■ REQUIRED WORK ■
Give the data again exactly as written, skipping any pictures.

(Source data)
━━━━━━━━━━━━━━━━━━━━

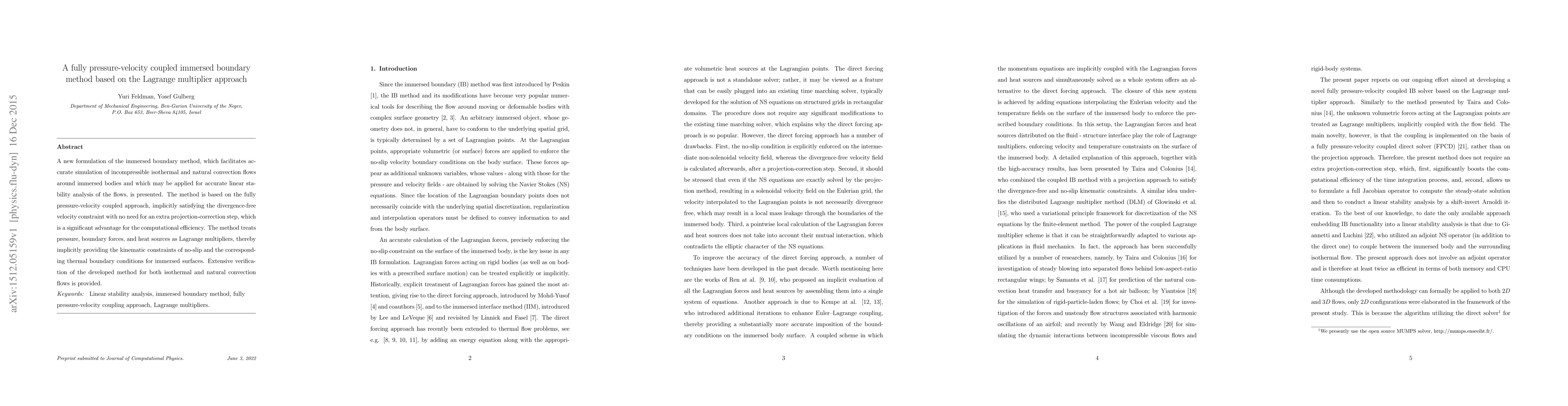 This paper introduces a fully coupled immersed boundary method using the Lagrange multiplier approach for simulating incompressible flows around immersed bodies. It implicitly enforces the divergence-free velocity constraint without a projection step, enhancing computational efficiency and accurately modeling natural convection flows.
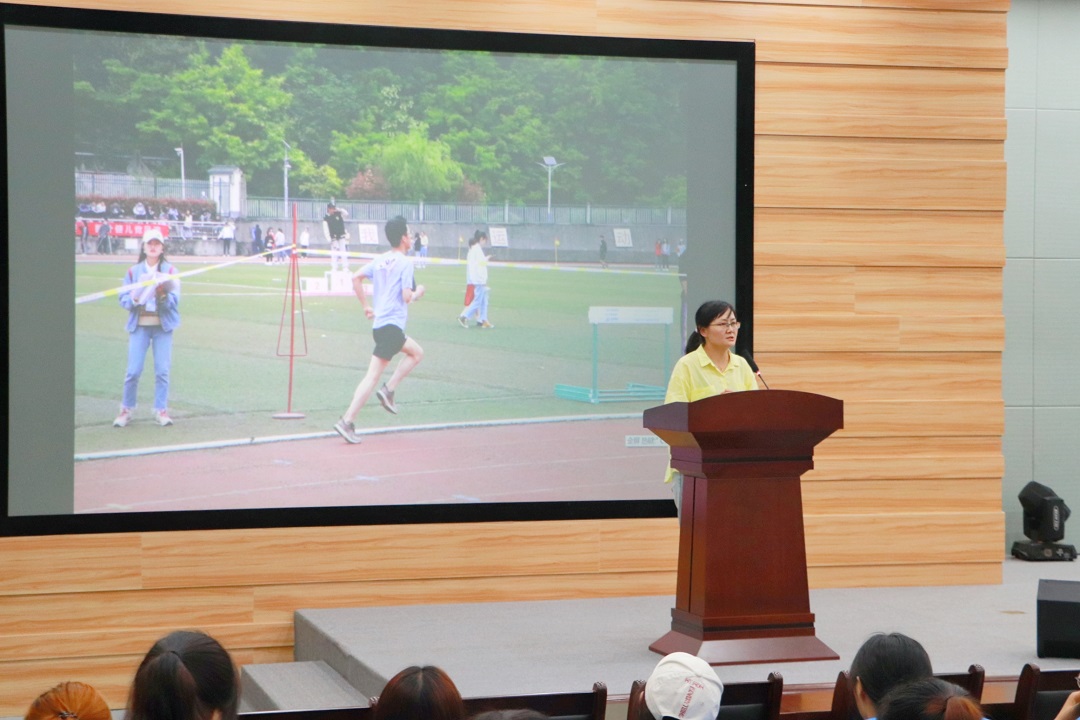 党总支副书记任自玲通报了近期VSport体育所有体育赛事的成绩。她讲道,优异成绩的取得是VSport体育健儿们不畏风雨、奋勇拼搏的结果;是VSport体育员工会、分团委、自律委员会和资助委员会各组织相互协作,全心全意为运动员服务的结果;从中可以体现出我们VSport体育师生的体育精神,那就是奋勇拼搏、团结协作。
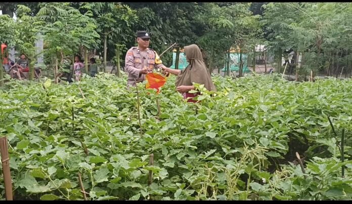 Bhabinkamtibmas Desa Senjayan Dukung Ketahanan Pangan dengan Monitoring Tanaman Terong
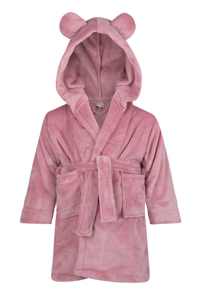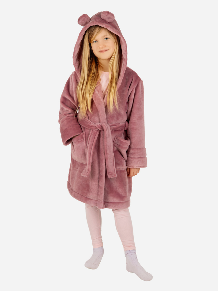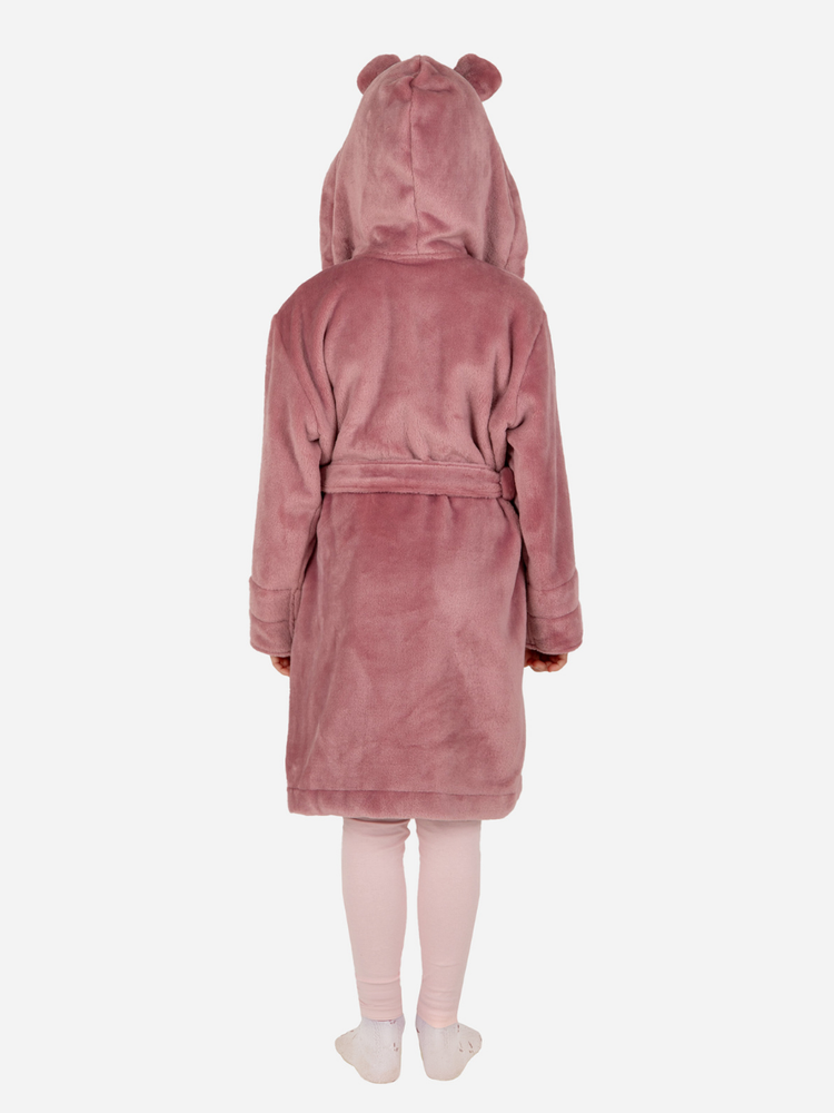 Szlafrok dziecięcy z uszami Teddy ByShelly - brudny róż
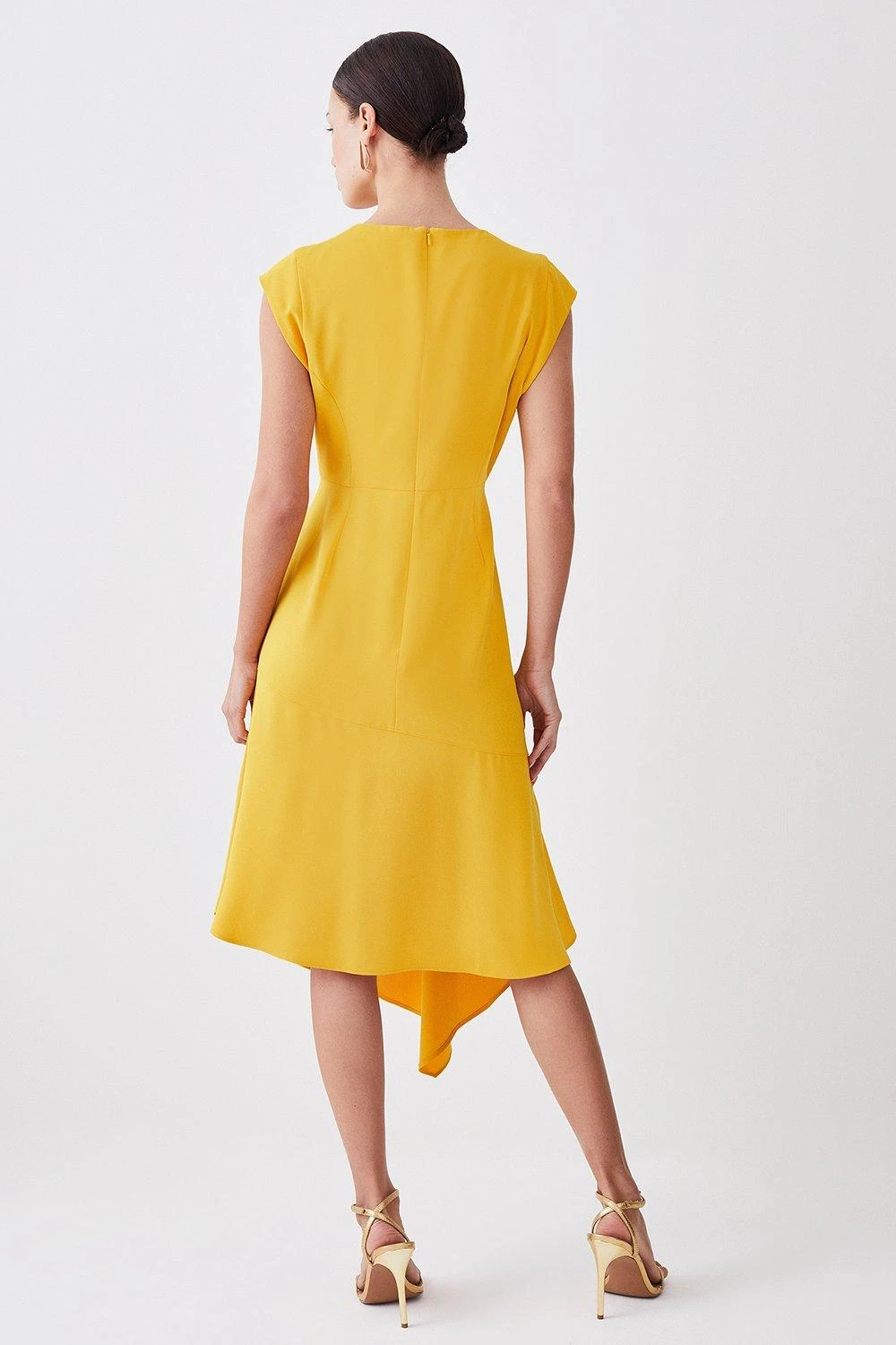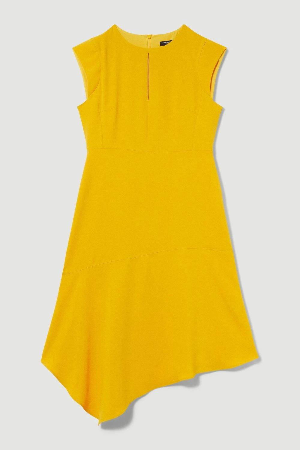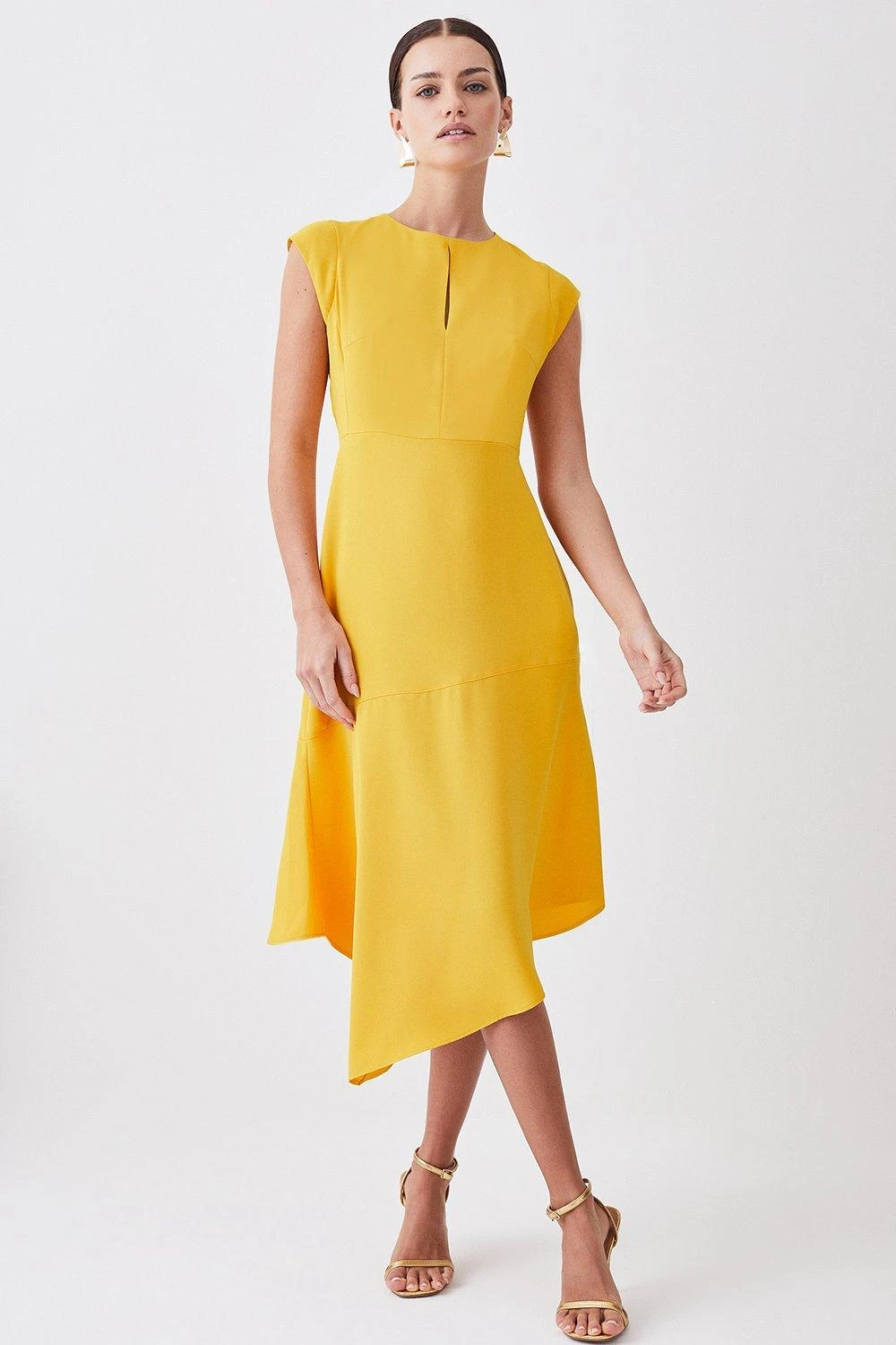 Cascading with elegant allure, this classic dress will prove to be a favourite for years to come. An asymmetric hemline gives this piece a feminine touch, will cap sleeves and a round neckline add a sense of sophistication. Style this dress with strappy heels and accessories for your next event.

━━━━━━━━━━━━━━━━━━━━

■ FINAL ANSWER ■
 This paper introduces a fully coupled immersed boundary method using the Lagrange multiplier approach for simulating incompressible flows around immersed bodies. It implicitly enforces the divergence-free velocity constraint without a projection step, enhancing computational efficiency and accurately modeling natural convection flows.
 党总支副书记任自玲通报了近期VSport体育所有体育赛事的成绩。她讲道,优异成绩的取得是VSport体育健儿们不畏风雨、奋勇拼搏的结果;是VSport体育员工会、分团委、自律委员会和资助委员会各组织相互协作,全心全意为运动员服务的结果;从中可以体现出我们VSport体育师生的体育精神,那就是奋勇拼搏、团结协作。
 Bhabinkamtibmas Desa Senjayan Dukung Ketahanan Pangan dengan Monitoring Tanaman Terong
 Szlafrok dziecięcy z uszami Teddy ByShelly - brudny róż
 Cascading with elegant allure, this classic dress will prove to be a favourite for years to come. An asymmetric hemline gives this piece a feminine touch, will cap sleeves and a round neckline add a sense of sophistication. Style this dress with strappy heels and accessories for your next event.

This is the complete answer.